Conversely, if you are caught in a situation where another party is asserting a security interest over your rights you should always look at their documentation rather than just relying on PPSR registrations.
The PPSA is all about insolvency
The PPSA deals with priority between creditors on insolvency. If a company is not insolvent then the PPSA will have no practical impact as the company will be able to pay its debts as and when they fall due.
This is probably the most relevant commercial consideration to take into account when deciding when to and when not to register on the PPSR. For example, Woolworths standard terms and conditions prohibit any registrations on the PPSR. Does this really matter as Woolies are highly unlikely to go bust?
Commercially, you should always be looking at insolvency risk and the impact that will have on your business when transacting with other parties. If there is actual or potential risk of insolvency in your counterparties then PPSR should be front of mind in your considerations.
The PPSA is there to protect other creditors, not the Secured Party or the Grantor.
The PPSA doesn’t affect the rights as between the Grantor and the Secured Party. The parties are still free to negotiate terms between themselves.
Importantly the PPSA does not give a Secured Party any protections against the Grantor. For example, if a Secured Party wants to repossess its goods then it has to have a right to do so under its documentation or another law. The PPSA does not give them this right.
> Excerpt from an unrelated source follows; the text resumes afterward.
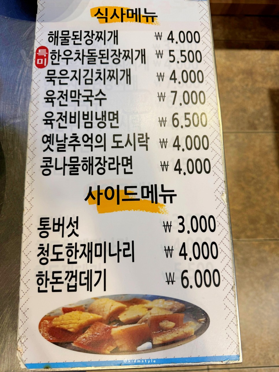 사이드 메뉴판이고 메인 메뉴판을 찍지 못했다.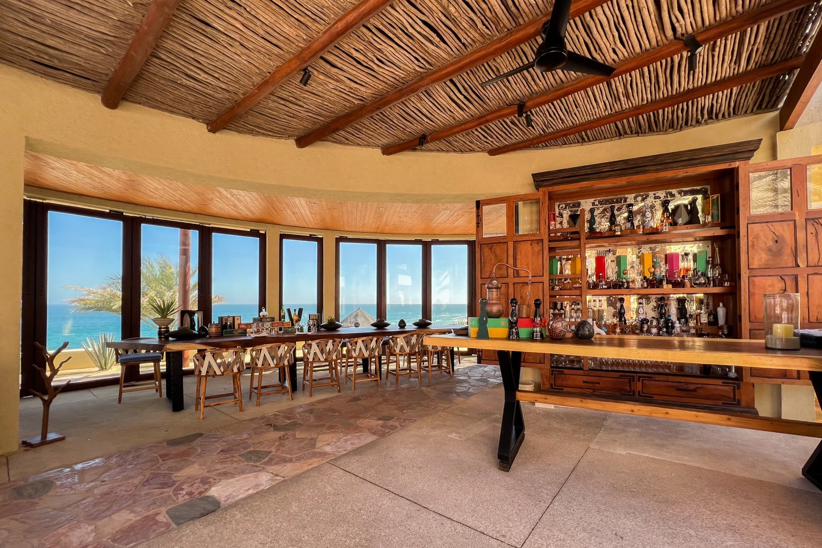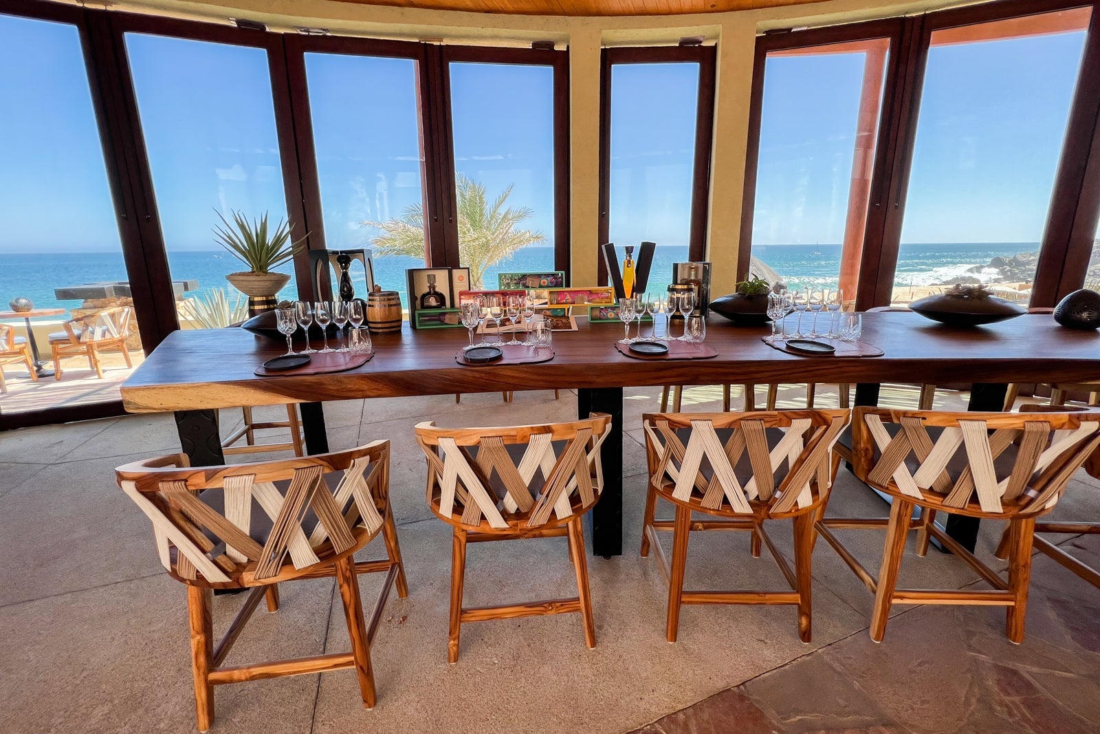 It was just a small room overlooking the resort with its own little bar featuring a selection of dozens of agave-based spirits, including tequilas and mezcals, which you could enjoy in various tastings and flights along with accompanying bites. You could have your tasting either at the long table in the space or at one of the outdoor seating areas nearby.

What the PPSA does, particularly in the way that security interests are created and in relation to an enforcement by a Secured Party, is to seek to ensure that a Secured Party does not act in a way that is going to prejudice other creditors, whether secured or unsecured.
Liquidators and Receivers will be looking very closely at what Secured Parties are doing when they take action to recover their assets.
Certainty is the key driver of PPSA.
There is no room for error. In handing down decisions the Courts have applied black letter law, regardless of whether it is the “morally” or “commercially” right decision and regardless of whether it means a windfall to a party.
The integrity of the register is paramount. The intention is that parties should be able to search the register and rely on the results of that search. They should also be able to rely on any registrations that they lodge. The Courts therefore are loath to set precedents that are contrary to this fundamental principle.
When looking at a potential PPSA issue, do not assume that justice is on your side. Always look at how an innocent third party may be affected if you do not have a proper registration, rather than your counterparty, as that is how the Courts will look at it.